Industry chiefs welcomed the North Sea Transition Deal last night and vowed to work with government to deliver a “homegrown” leap to net zero.
Deirdre Michie, chief executive of industry body Oil and Gas UK (OGUK), said the agreement was the first of its kind by any G7 country and a striking example of the UK showing global leadership on climate change ahead of COP26
Ms Michie also described it as a “transformative partnership” which would harness the oil industry’s expertise to meet green goals while unlocking billions of pounds of investment.
Sir Ian Wood, chairman of economic development body Opportunity North East, said the announcement was a “massive boost” for the north-east and paid tribute to OGUK for its role in securing the deal.
He said: “There is no doubt that the north-east is uniquely positioned within Scotland and the UK to take advantage of this massive opportunities presented by energy transition.
“As we continue to transition from oil and gas, this deal will allow us to develop a world-class supply chain and create new significant green job and investment opportunities.”
Andy Samuel, chief executive of industry regulator the Oil and Gas Authority (OGA), vowed to monitor and hold industry to account on its emissions reduction performance.
Mr Samuel said: “This deal marks an exciting new chapter for the North Sea, confirming energy transition in action.
“It is the culmination of a lot of work between government, industry and the OGA.
“As long as oil and gas remain part of the UK’s energy mix, they must be produced more cleanly and in line with net zero.”
Colette Cohen, chief executive of OGTC said: “We fully support the Deal in its focus to decarbonise hydrocarbon production, unlock investment in carbon capture and storage and create the economic environment in which low carbon hydrogen production can flourish.
“It is encouraging that the deal recognises the importance of a just transition by anchoring technology development and manufacturing in the UK and focusing on the creation of jobs and skills.”
John McDonald, chief executive of skills body Opito said: “The North Sea Transition Deal is excellent news for the oil and gas industry, the wider energy sector, and the many thousands of talented people it employs across the country.

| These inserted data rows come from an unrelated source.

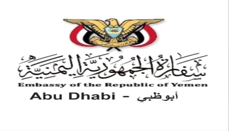 تهيب سفارة الجمهورية اليمنية لدى دولة الإمارات العربية المتحدة بجميع المواطنين اليمنيين من مقيمين وزوار، وفي ضوء التطورات الإقليمية الراهنة وما تتعرض له دولة الإمارات العربية المتحدة من اعتداءات سافرة من قبل النظام الإيراني، بضرورة الالتزام التام بالتعليمات الصادرة عن الجهات المختصة في دولة الإمارات العربية المتحدة، والتحلي بأقصى درجات الحيطة والحذر حفاظاً على سلامتهم وأمنهم.
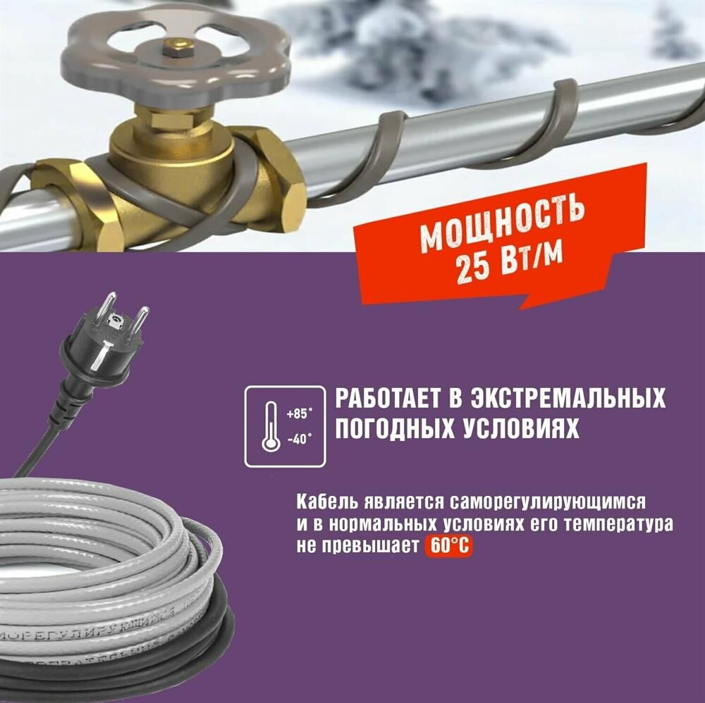 REXANT Кабель греющий саморегулирующийся модель SRL Extra Line 25MSR-PB, на трубу, 20м/500Вт
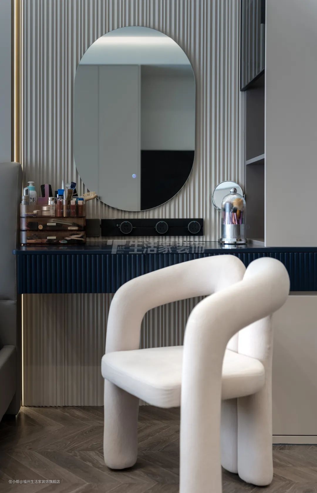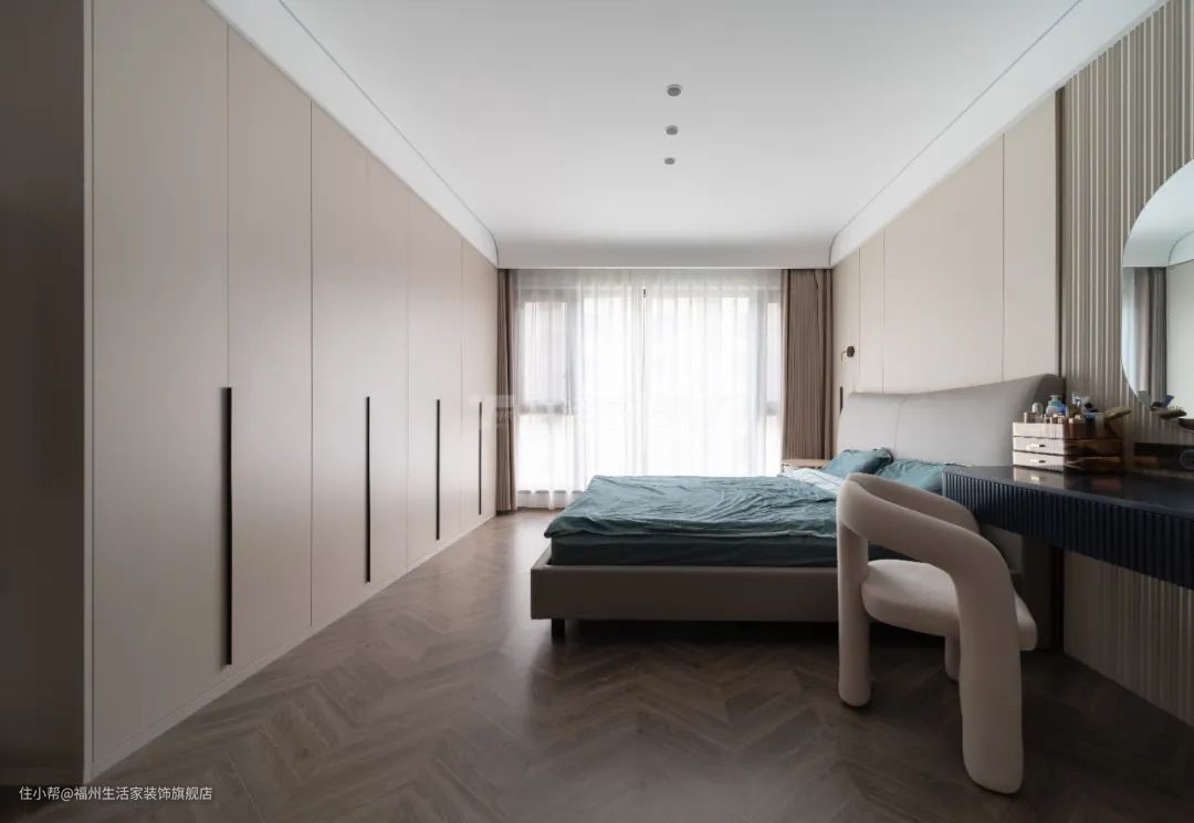 根据女主人的需求,主卧内设置了衣帽间,以满足日常生活的需求也增加了收纳空间。卧室整体采用灰白色系的定制柜,选用按压式门板、肤感面板,视觉效果显得柔和温馨。搭配多功能床头柜、创意感十足的床头灯及梳妆椅,让空间更显时尚的同时,也让生活更舒适。
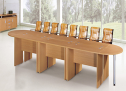 Oval shaped, pressure laminated wooden top and steel supports, comprising of 2 semicircular parts and two longish rectangular parts, 4 corners which are combined to form one unit, designed with void in the meeting for planters, good, heavy duty and affordable quality to accommodate 10-14 people.
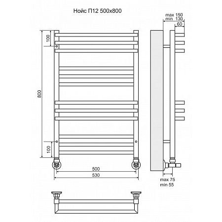 Доставка Полотенцесушитель водяной Terminus (Терминус) Нойс П12 500х800 мм хром из нержавеющей стали из Москва в районы и города ЮВАО, ЮЗАО, ЮАО, Новомосковский АО, Одинцово, Подольск, Щербинка, Троицк, Строительный рынок Славянский мир, 41-й км МКАД, бывшая Мельница, Красногорск, Домодедово, Тёплый стан, Коммунарка, Мосрентген, Видное, Мамыри, Краснознаменск
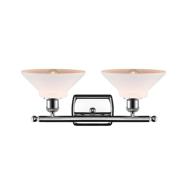 Orwell 18 in. 2 Light Matte White, Polished Chrome Vanity Light with White Glass Shade
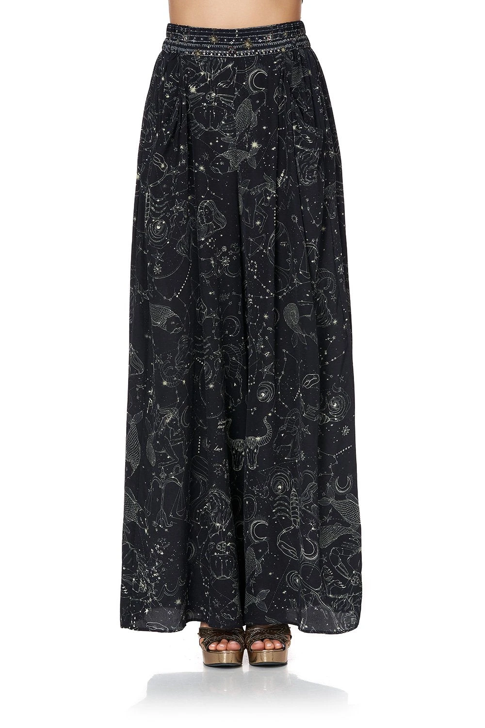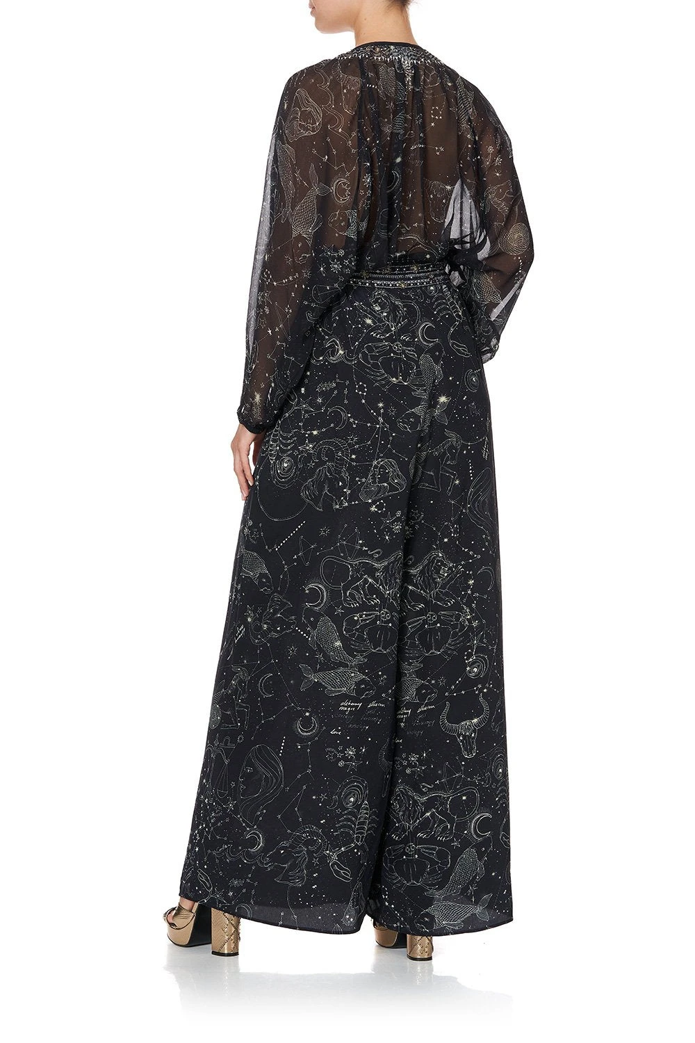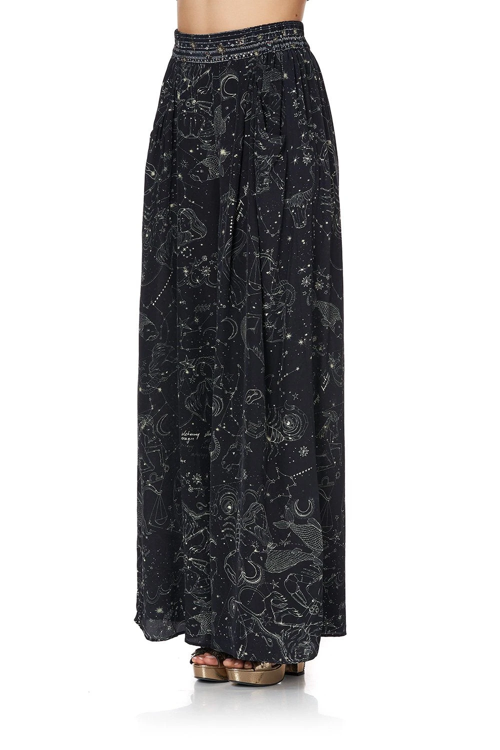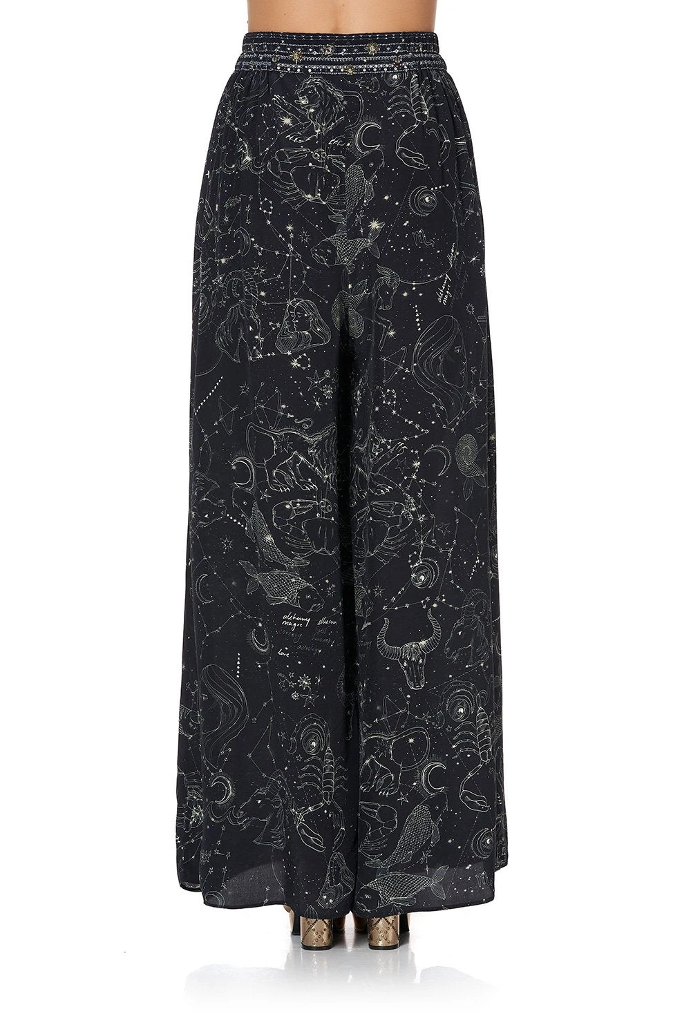 A wide leg statement trouser for wanderers of the universe, the Moon Set Wide Leg Pant with Gathered Pockets are simply magical. Crafted in a hypnotic black-based CAMILLA print referencing constellations from the night sky – these 70s style trousers feature flared legs, a comfortable elasticated waist for free movement and statement gathered front pockets. Style back with matching Moon Set Tie Front High Low Hem Blouse.
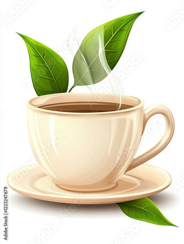 Steaming teacup, green leaves, white background; perfect for beverage ads
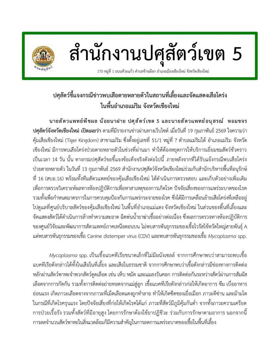 - 18 ก.พ. 2569 คุ้มเสือแม่ริมพบเสือโคร่งป่วย 3 ตัว และตายเพิ่ม 1 ตัว เหลือ 29 ตัว, คุ้มเสือแม่แตงรับเสือโคร่งเพิ่ม 29 ตัว ไม่พบการตายเพิ่ม คงเหลือ 95 ตัว
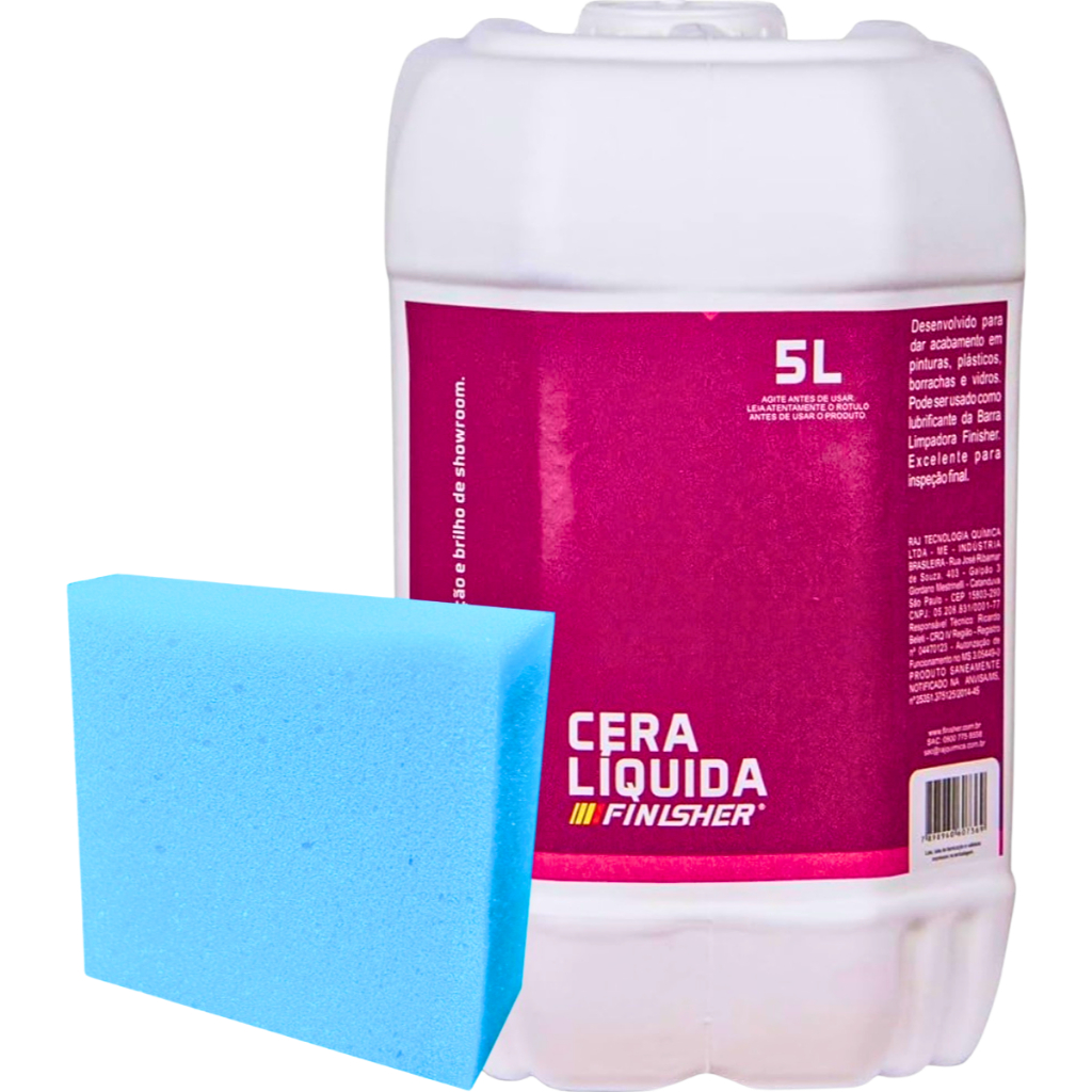 CERA LÍQUIDA SPRAY DE CARNAÚBA FINISHER 700ML Produto desenvolvido para dar brilho em automóveis com pintura em bom estado de conservação. Fácil aplicação. Indicado para enceramentos rápidos, acabamentos e inspeção final. Pode também ser utilizado como lubrificante de Clay Bar com enceramento em uma única etapa. DILUIÇÃO: Pronto Uso. MODO DE USO: 1. Antes de iniciar a aplicação deste produto, certifique-se que a área aplicada está limpa, seca, fria e sob proteção solar. 2. Em caso de pintura áspera, utilize em conjunto a Barra Limpadora Finisher. 3. Usar aproximadamente 40ml por carro. Aplique por partes, uma pequena quantidade do produto. 4. Com uma flanela limpa de microfibra espalhe uniformemente até que comece a secar, vire o pano para um lado seco e dê o lustre. 5. Repita a operação até que finalize toda a superfície, criando assim um brilho extremo.
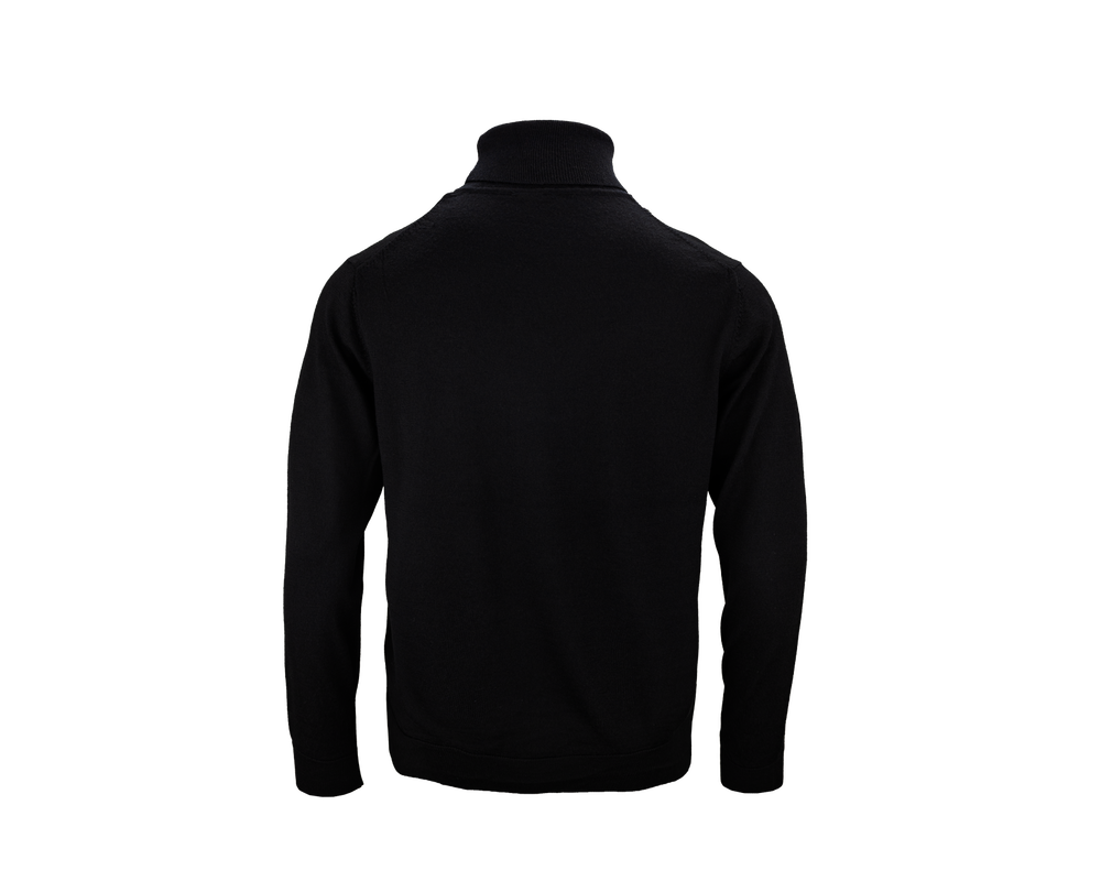 Sort strik i 100% merinould med rullekrave, der kombinerer luksus, varme og subtil elegance. Denne turtleneck er det perfekte valg til både hverdagsbrug og formelle anledninger, med et diskret design, der emmer af stil. Den bløde merinould sikrer komfort og varme, mens rullekraven tilføjer et ekstra lag af sofistikation. En alsidig klassiker, der holder dig både stilfuld og behageligt klædt på de kølige dage.

“As part of the deal, I am delighted that Opito, and the Energy Skills Alliance, will work with industry, trade unions and government to develop a people and skills plan for the transition of the North Sea industry.
“Reskilling the workforce, enabling the transfer of people and skills across the sector, and inspiring the next generation are essential to deliver a sustainable net zero energy future.”
Stephen Flynn, SNP MP for Aberdeen South, said support should have been provided sooner to stem the tide of North Sea redundancies.
Mr Flynn also said north-east Scotland must be the lead beneficiary of funding for carbon capture and storage and hydrogen production, and not Teesside.
He said: “It’s now over a year since the oil price collapsed and the fact it has taken this long for the UK Government to put forward these proposals is deeply regrettable – too many jobs have already been lost.
“As is always the case with such announcements the devil will be in the detail and it is very much my hope, and expectation, that this is new government money that will actually protect and create jobs here in Aberdeen, where it is most needed.”
Green groups accused the UK Government of a “colossal failure in climate leadership in the year of COP26” in light of its decision not to ban new oil and gas licences.
Mel Evans, head of Greenpeace UK’s oil campaign, said: “While the government has rightly recognised the need to set a global example in ending fossil fuel finance abroad, its domestic plans for oil and gas continue to fall woefully short, giving mixed messages on the world stage.
“Instead of finding ways to prop up this volatile and polluting sector, a better proposition for workers and communities would be for the government to confirm a ban on new licences, and put all its energies into a nationwide programme of retraining, reskilling and investment in renewables and green infrastructure.”